[Items listed in a dataset]
#####
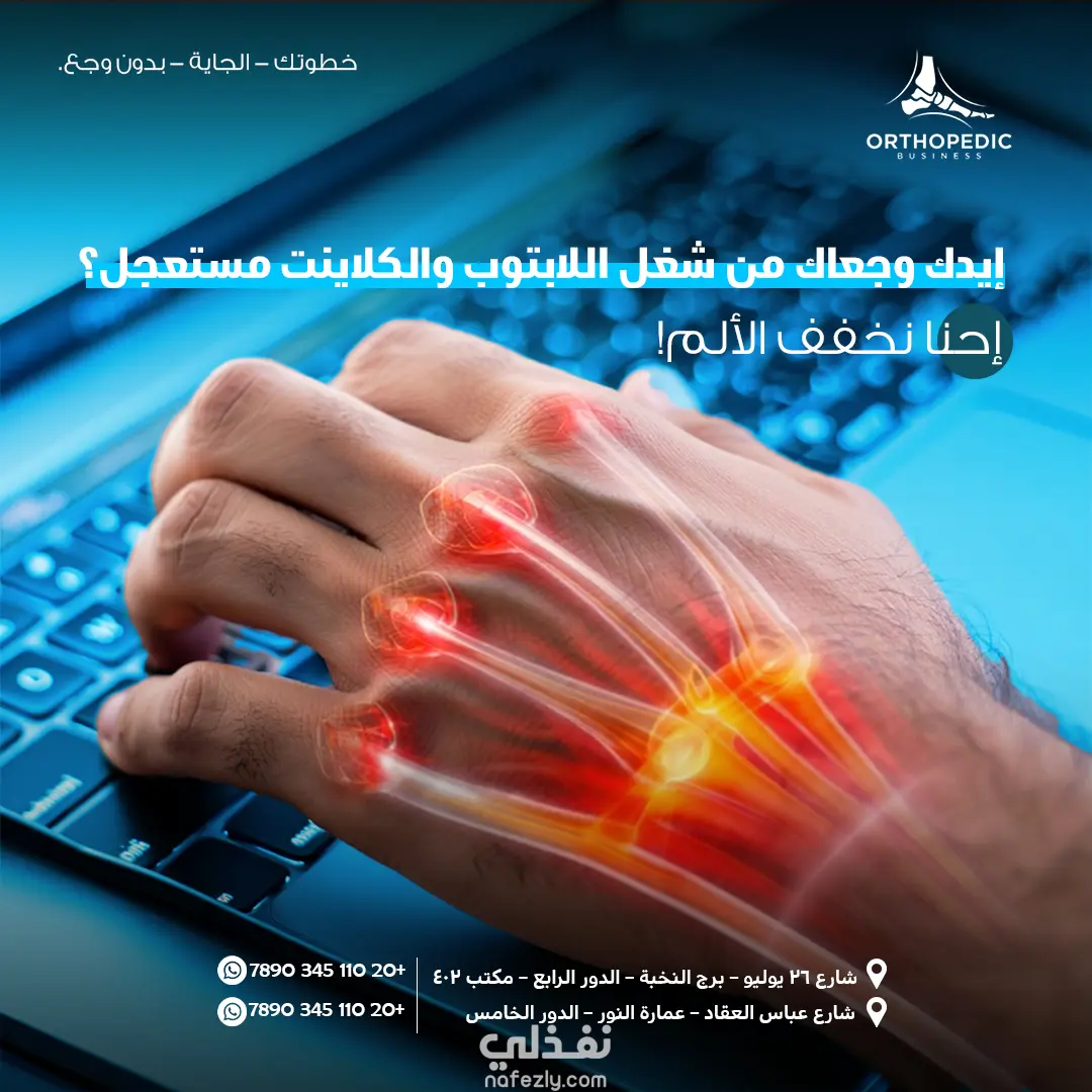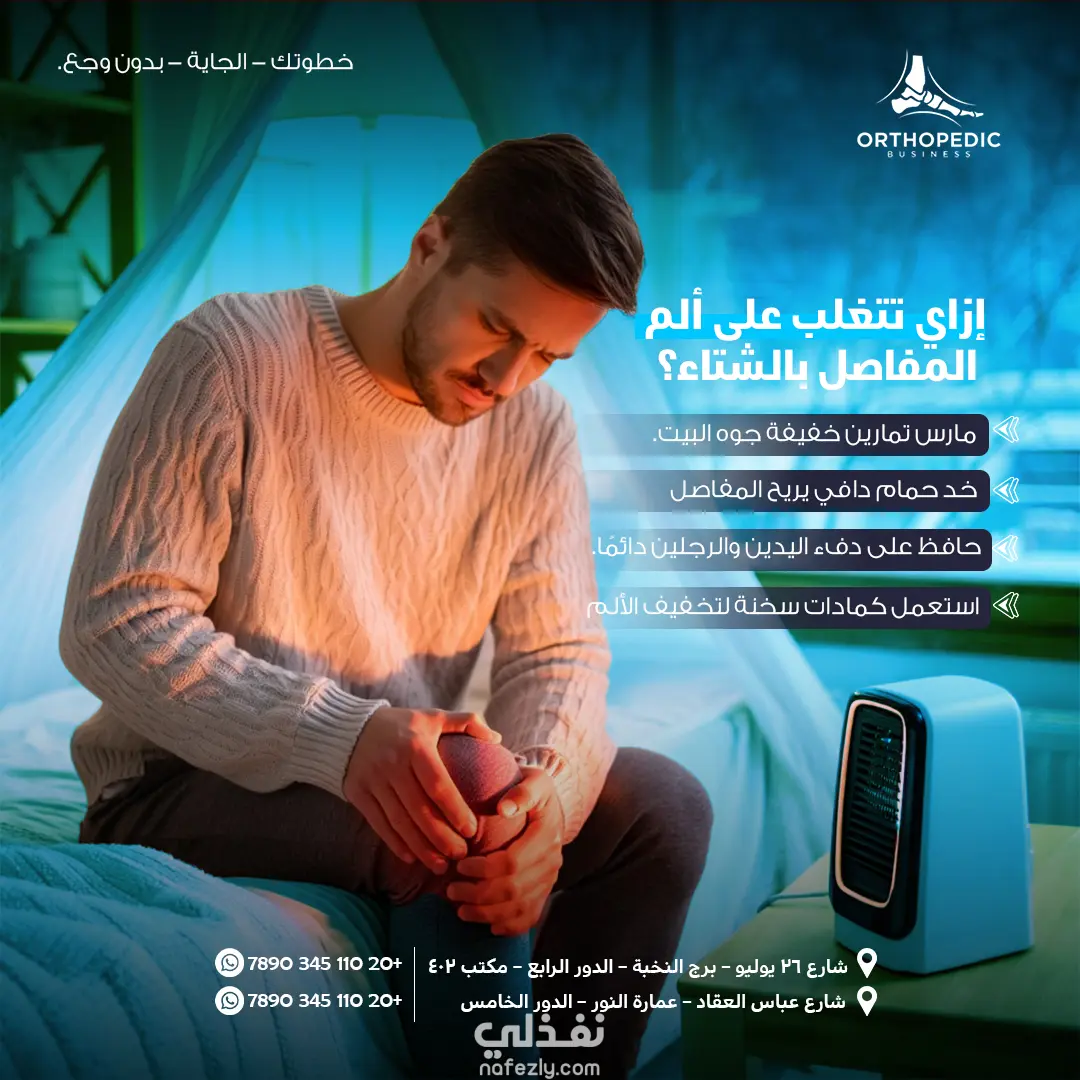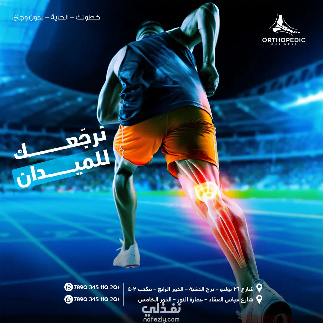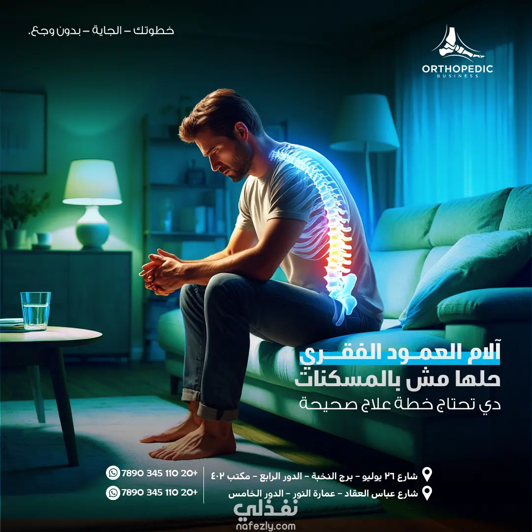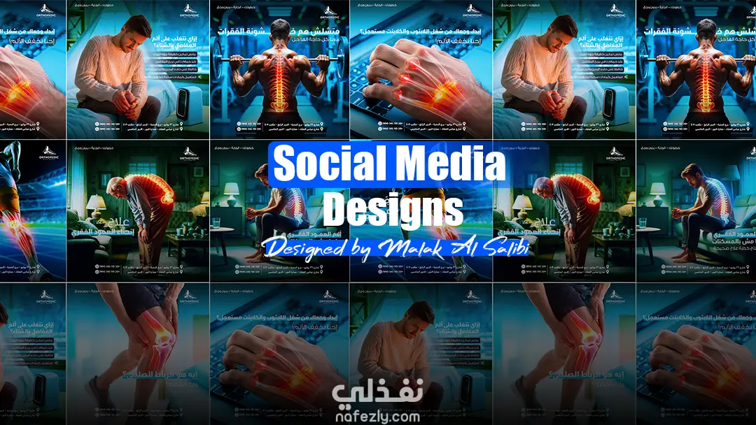 قمت بتصميم محتوى سوشال ميديا لطبيب عظام، مركزًا على آلام المفاصل والعظام. اعتمدت ألوانًا هادئة ومريحة، مع إبراز مناطق الألم بشكل واضح باستخدام الماسك والإضاءة المناسبة. أضفت نصوصًا مختصرة وجذابة لتوعية المرضى وتوضيح الخدمات، مع تصميم متناسق واحترافي يحفّز التفاعل ويبرز مستوى الاحترافية
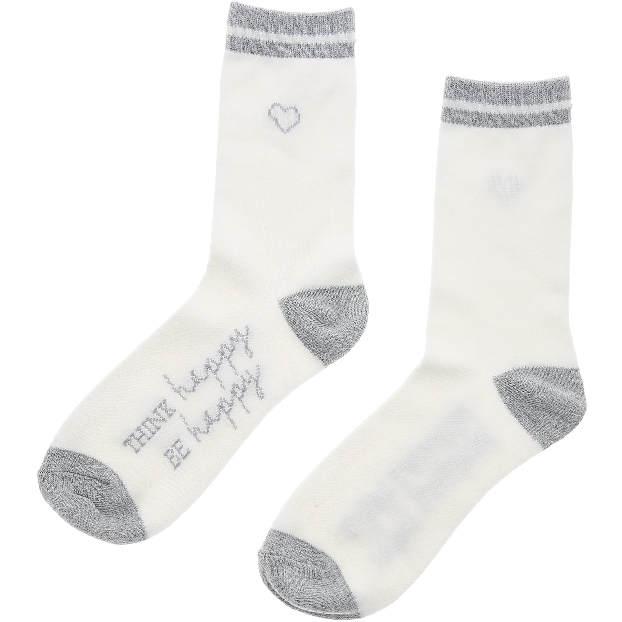 - IN-HOUSE DESIGN: The crew socks have a gray ankle, toe & heel with a cream body and a gray "Think Happy Be Happy" sentiment on the outer lateral of the boot socks. In addition, a small gray-outlined heart is right at the ankle below the striped top. This design reflects on the exterior of each hose.
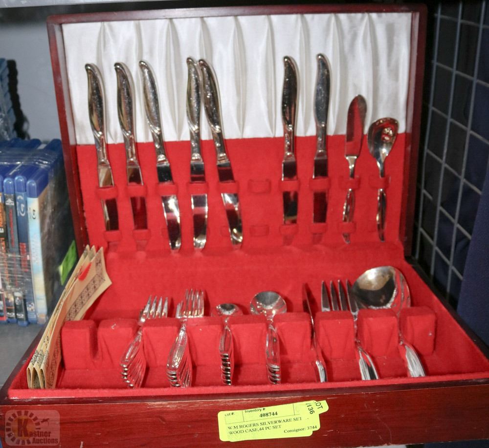 W.M ROGERS SILVERWARE SET IN WOOD CASE,44 PC SET
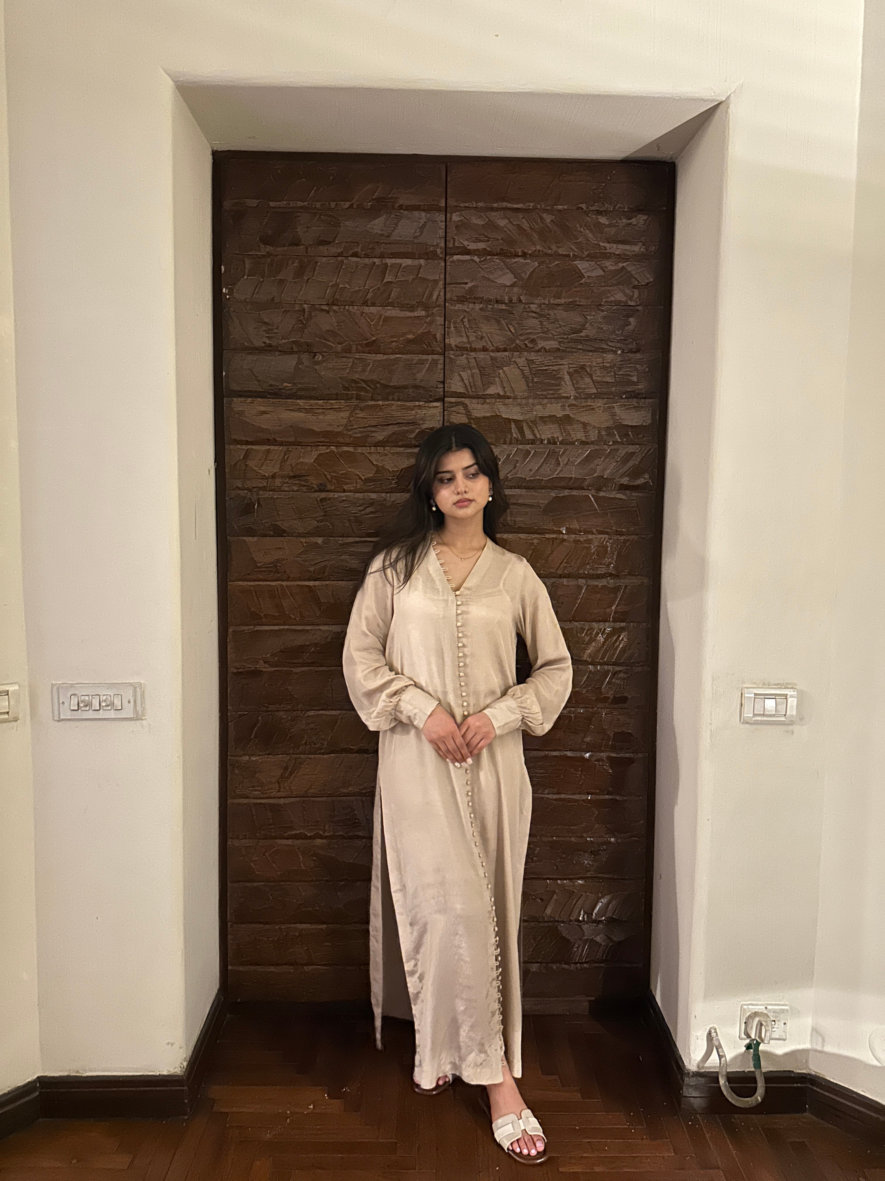 The dress is a vision of simple elegance. The neutral shade and clean lines create a timeless look, and the button detailing adds a touch of sophistication.Add with every outfit- Please...
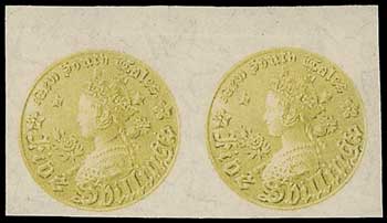 136 : width="300p" alt="image" ></a></cfif>NEW SOUTH WALES Five Shillings Coin Imperforate Plate Proofs In olive-yellow, a horizontal pair on Large Star watermarked paper; horizontal crease clear of impressions. Photo Estimate £ 400-500<A
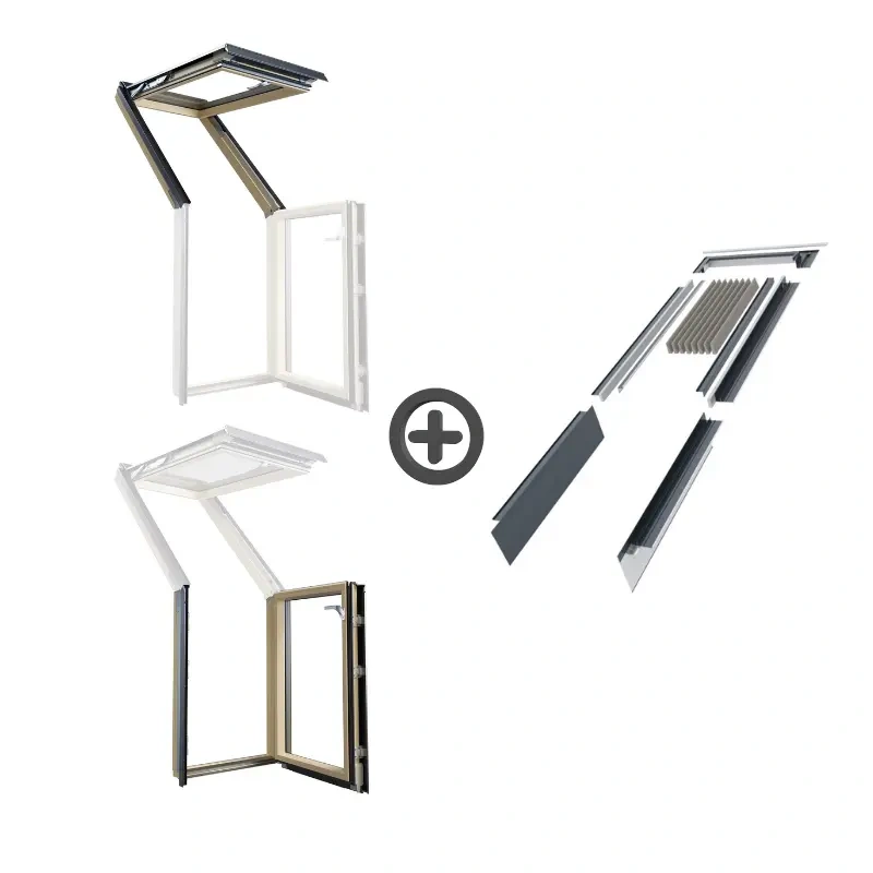 - Główne elementy: górny element, cztery elementy boczne, pianka docieplająca, elementy okucia okapu, profile kryjące boki ościeżnicy (PKBO).
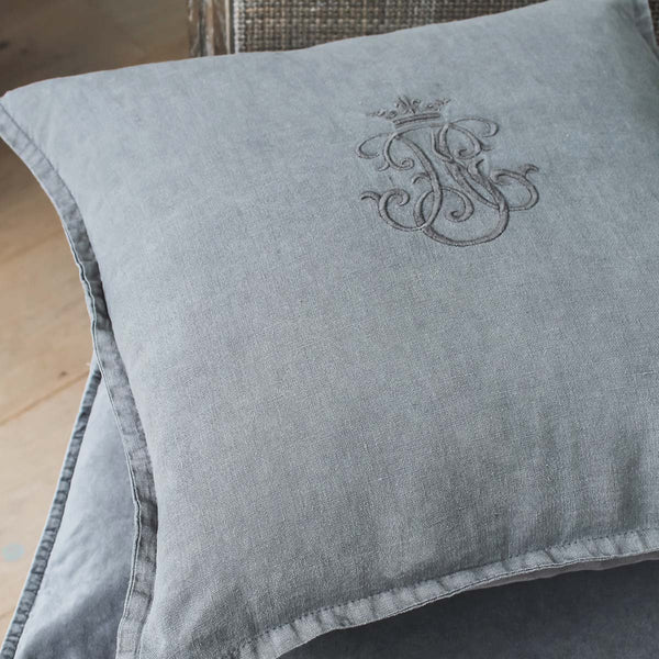 Grey Crown Monogram Linen Cushion
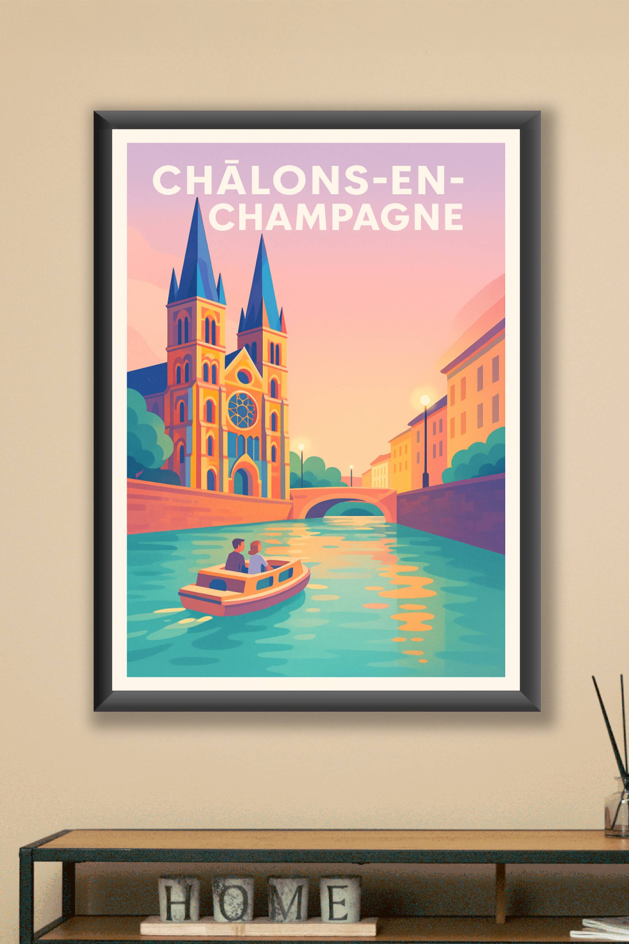 Découvrez la magie de Châlons-en-Champagne à travers cette affiche au style vintage et aux couleurs chaleureuses. Illustrant une promenade en bateau sur les canaux entourés de l'architecture emblématique de la ville, ce poster invite à la détente et au rêve. Imprimée en tirage 'Fine Art' sur papier 305g coton, cette affiche offre une qualité d'impression exceptionnelle, fidèle et durable. Disponible en formats A1 à A4, avec ou sans cadre, elle saura embellir votre intérieur ou devenir un cadeau parfait pour les amoureux de la Champagne. Profitez d'une impression premium 100% fabriquée en France pour une décoration élégante et raffinée.
#####
■ Work required
The job is to copy all the records precisely while omitting any picture.

■ Answer to this task
 قمت بتصميم محتوى سوشال ميديا لطبيب عظام، مركزًا على آلام المفاصل والعظام. اعتمدت ألوانًا هادئة ومريحة، مع إبراز مناطق الألم بشكل واضح باستخدام الماسك والإضاءة المناسبة. أضفت نصوصًا مختصرة وجذابة لتوعية المرضى وتوضيح الخدمات، مع تصميم متناسق واحترافي يحفّز التفاعل ويبرز مستوى الاحترافية
 - IN-HOUSE DESIGN: The crew socks have a gray ankle, toe & heel with a cream body and a gray "Think Happy Be Happy" sentiment on the outer lateral of the boot socks. In addition, a small gray-outlined heart is right at the ankle below the striped top. This design reflects on the exterior of each hose.
 W.M ROGERS SILVERWARE SET IN WOOD CASE,44 PC SET
 The dress is a vision of simple elegance. The neutral shade and clean lines create a timeless look, and the button detailing adds a touch of sophistication.Add with every outfit- Please...
 136 : width="300p" alt="image" ></a></cfif>NEW SOUTH WALES Five Shillings Coin Imperforate Plate Proofs In olive-yellow, a horizontal pair on Large Star watermarked paper; horizontal crease clear of impressions. Photo Estimate £ 400-500<A
 - Główne elementy: górny element, cztery elementy boczne, pianka docieplająca, elementy okucia okapu, profile kryjące boki ościeżnicy (PKBO).
 Grey Crown Monogram Linen Cushion
 Découvrez la magie de Châlons-en-Champagne à travers cette affiche au style vintage et aux couleurs chaleureuses. Illustrant une promenade en bateau sur les canaux entourés de l'architecture emblématique de la ville, ce poster invite à la détente et au rêve. Imprimée en tirage 'Fine Art' sur papier 305g coton, cette affiche offre une qualité d'impression exceptionnelle, fidèle et durable. Disponible en formats A1 à A4, avec ou sans cadre, elle saura embellir votre intérieur ou devenir un cadeau parfait pour les amoureux de la Champagne. Profitez d'une impression premium 100% fabriquée en France pour une décoration élégante et raffinée.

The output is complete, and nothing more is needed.